**YOUR ASSIGNMENT:** Word for word, return each entry that follows, with every image removed.

**EXTRACTED INFORMATION:**
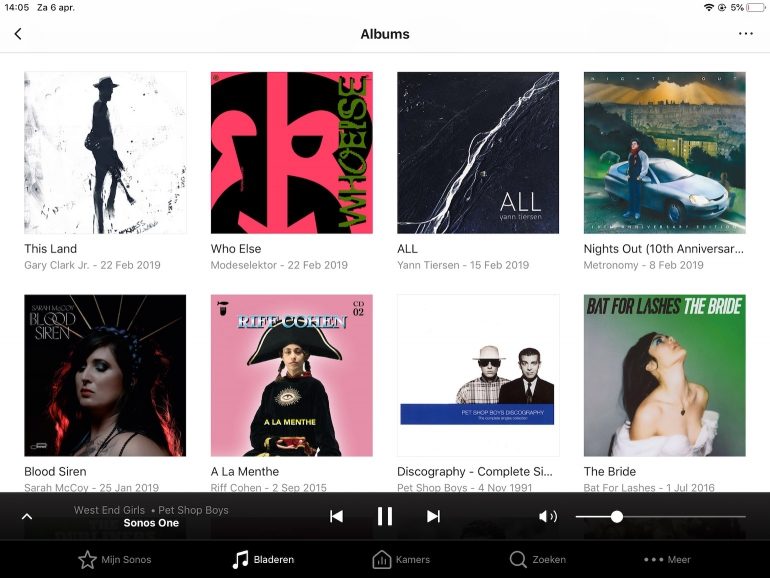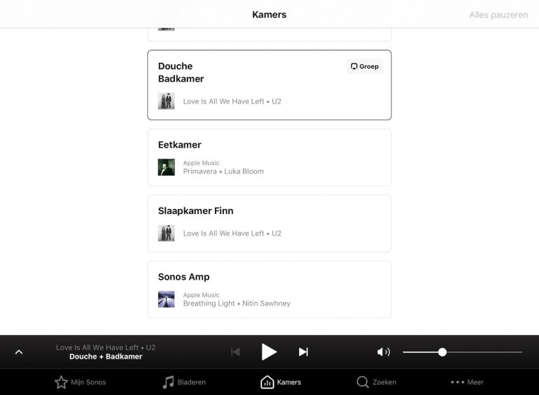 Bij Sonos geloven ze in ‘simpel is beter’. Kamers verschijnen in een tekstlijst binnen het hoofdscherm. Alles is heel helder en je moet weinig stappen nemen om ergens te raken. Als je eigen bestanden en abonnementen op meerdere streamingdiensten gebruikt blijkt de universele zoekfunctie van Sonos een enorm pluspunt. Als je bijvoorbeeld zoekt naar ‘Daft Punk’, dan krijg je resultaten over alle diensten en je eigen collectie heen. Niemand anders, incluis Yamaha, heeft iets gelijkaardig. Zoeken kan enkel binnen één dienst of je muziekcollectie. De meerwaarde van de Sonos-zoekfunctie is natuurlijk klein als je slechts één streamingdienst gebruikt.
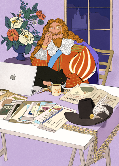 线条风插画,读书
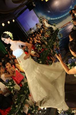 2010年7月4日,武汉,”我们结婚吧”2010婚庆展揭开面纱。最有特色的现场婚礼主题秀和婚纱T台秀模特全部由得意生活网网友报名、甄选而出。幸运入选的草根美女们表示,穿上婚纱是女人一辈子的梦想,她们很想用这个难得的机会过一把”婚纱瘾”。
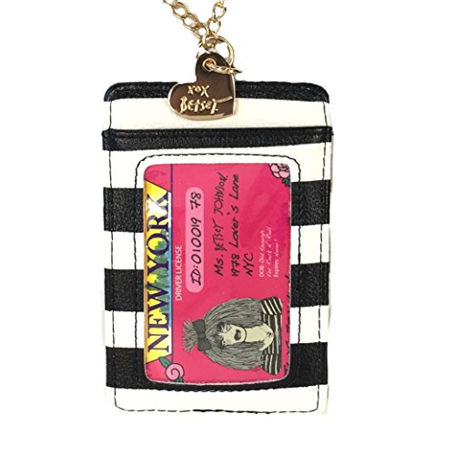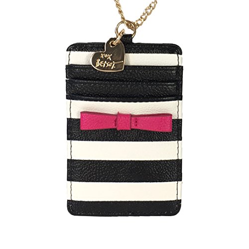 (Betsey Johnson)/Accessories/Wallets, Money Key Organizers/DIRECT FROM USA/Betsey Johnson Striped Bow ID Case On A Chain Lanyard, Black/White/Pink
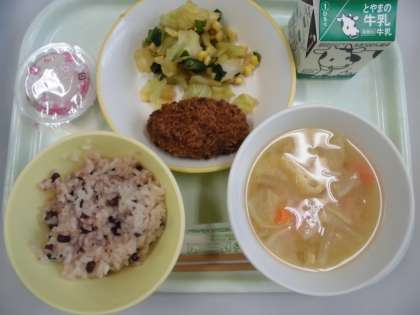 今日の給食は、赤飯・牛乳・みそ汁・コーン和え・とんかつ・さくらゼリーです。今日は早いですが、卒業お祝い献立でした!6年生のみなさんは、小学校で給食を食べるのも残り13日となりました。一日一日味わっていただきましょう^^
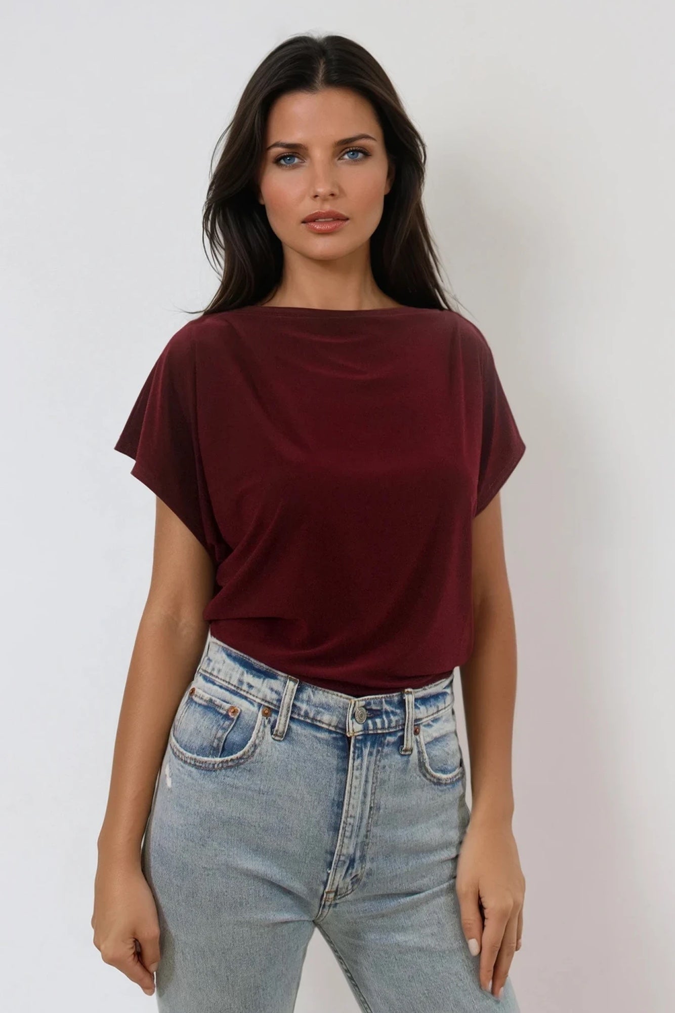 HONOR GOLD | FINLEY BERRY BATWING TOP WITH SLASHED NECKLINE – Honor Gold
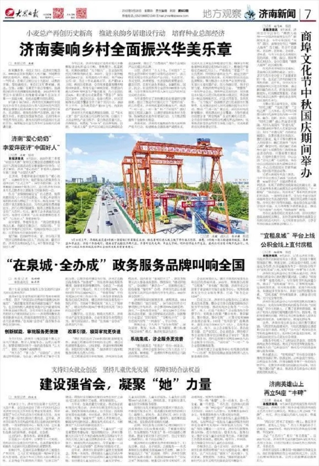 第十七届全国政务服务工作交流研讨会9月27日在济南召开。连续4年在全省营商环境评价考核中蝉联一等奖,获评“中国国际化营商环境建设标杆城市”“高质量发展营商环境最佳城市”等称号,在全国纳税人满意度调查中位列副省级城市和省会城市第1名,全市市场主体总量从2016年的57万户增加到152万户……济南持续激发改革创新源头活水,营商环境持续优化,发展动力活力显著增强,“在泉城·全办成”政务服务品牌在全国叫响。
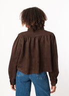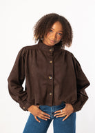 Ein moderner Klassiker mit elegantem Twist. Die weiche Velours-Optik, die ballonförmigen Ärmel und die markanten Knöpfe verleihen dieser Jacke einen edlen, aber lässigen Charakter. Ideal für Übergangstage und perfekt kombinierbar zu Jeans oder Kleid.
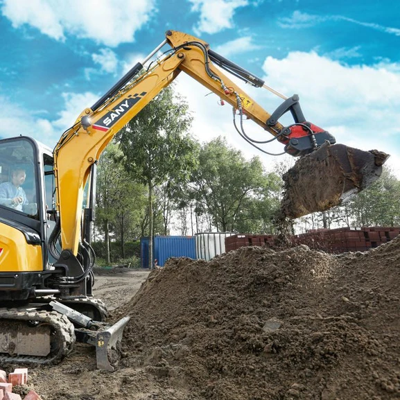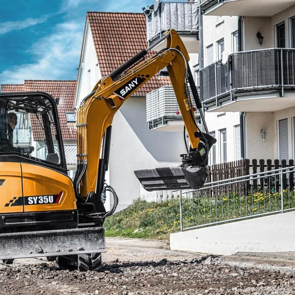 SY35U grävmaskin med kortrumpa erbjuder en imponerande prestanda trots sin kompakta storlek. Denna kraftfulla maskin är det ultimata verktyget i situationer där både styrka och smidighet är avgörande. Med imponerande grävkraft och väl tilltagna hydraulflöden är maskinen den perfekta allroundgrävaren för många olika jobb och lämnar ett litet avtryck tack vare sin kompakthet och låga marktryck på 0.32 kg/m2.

**WRITTEN SOLUTION:**
 Bij Sonos geloven ze in ‘simpel is beter’. Kamers verschijnen in een tekstlijst binnen het hoofdscherm. Alles is heel helder en je moet weinig stappen nemen om ergens te raken. Als je eigen bestanden en abonnementen op meerdere streamingdiensten gebruikt blijkt de universele zoekfunctie van Sonos een enorm pluspunt. Als je bijvoorbeeld zoekt naar ‘Daft Punk’, dan krijg je resultaten over alle diensten en je eigen collectie heen. Niemand anders, incluis Yamaha, heeft iets gelijkaardig. Zoeken kan enkel binnen één dienst of je muziekcollectie. De meerwaarde van de Sonos-zoekfunctie is natuurlijk klein als je slechts één streamingdienst gebruikt.
 线条风插画,读书
 2010年7月4日,武汉,”我们结婚吧”2010婚庆展揭开面纱。最有特色的现场婚礼主题秀和婚纱T台秀模特全部由得意生活网网友报名、甄选而出。幸运入选的草根美女们表示,穿上婚纱是女人一辈子的梦想,她们很想用这个难得的机会过一把”婚纱瘾”。
 (Betsey Johnson)/Accessories/Wallets, Money Key Organizers/DIRECT FROM USA/Betsey Johnson Striped Bow ID Case On A Chain Lanyard, Black/White/Pink
 今日の給食は、赤飯・牛乳・みそ汁・コーン和え・とんかつ・さくらゼリーです。今日は早いですが、卒業お祝い献立でした!6年生のみなさんは、小学校で給食を食べるのも残り13日となりました。一日一日味わっていただきましょう^^
 HONOR GOLD | FINLEY BERRY BATWING TOP WITH SLASHED NECKLINE – Honor Gold
 第十七届全国政务服务工作交流研讨会9月27日在济南召开。连续4年在全省营商环境评价考核中蝉联一等奖,获评“中国国际化营商环境建设标杆城市”“高质量发展营商环境最佳城市”等称号,在全国纳税人满意度调查中位列副省级城市和省会城市第1名,全市市场主体总量从2016年的57万户增加到152万户……济南持续激发改革创新源头活水,营商环境持续优化,发展动力活力显著增强,“在泉城·全办成”政务服务品牌在全国叫响。
 Ein moderner Klassiker mit elegantem Twist. Die weiche Velours-Optik, die ballonförmigen Ärmel und die markanten Knöpfe verleihen dieser Jacke einen edlen, aber lässigen Charakter. Ideal für Übergangstage und perfekt kombinierbar zu Jeans oder Kleid.
 SY35U grävmaskin med kortrumpa erbjuder en imponerande prestanda trots sin kompakta storlek. Denna kraftfulla maskin är det ultimata verktyget i situationer där både styrka och smidighet är avgörande. Med imponerande grävkraft och väl tilltagna hydraulflöden är maskinen den perfekta allroundgrävaren för många olika jobb och lämnar ett litet avtryck tack vare sin kompakthet och låga marktryck på 0.32 kg/m2.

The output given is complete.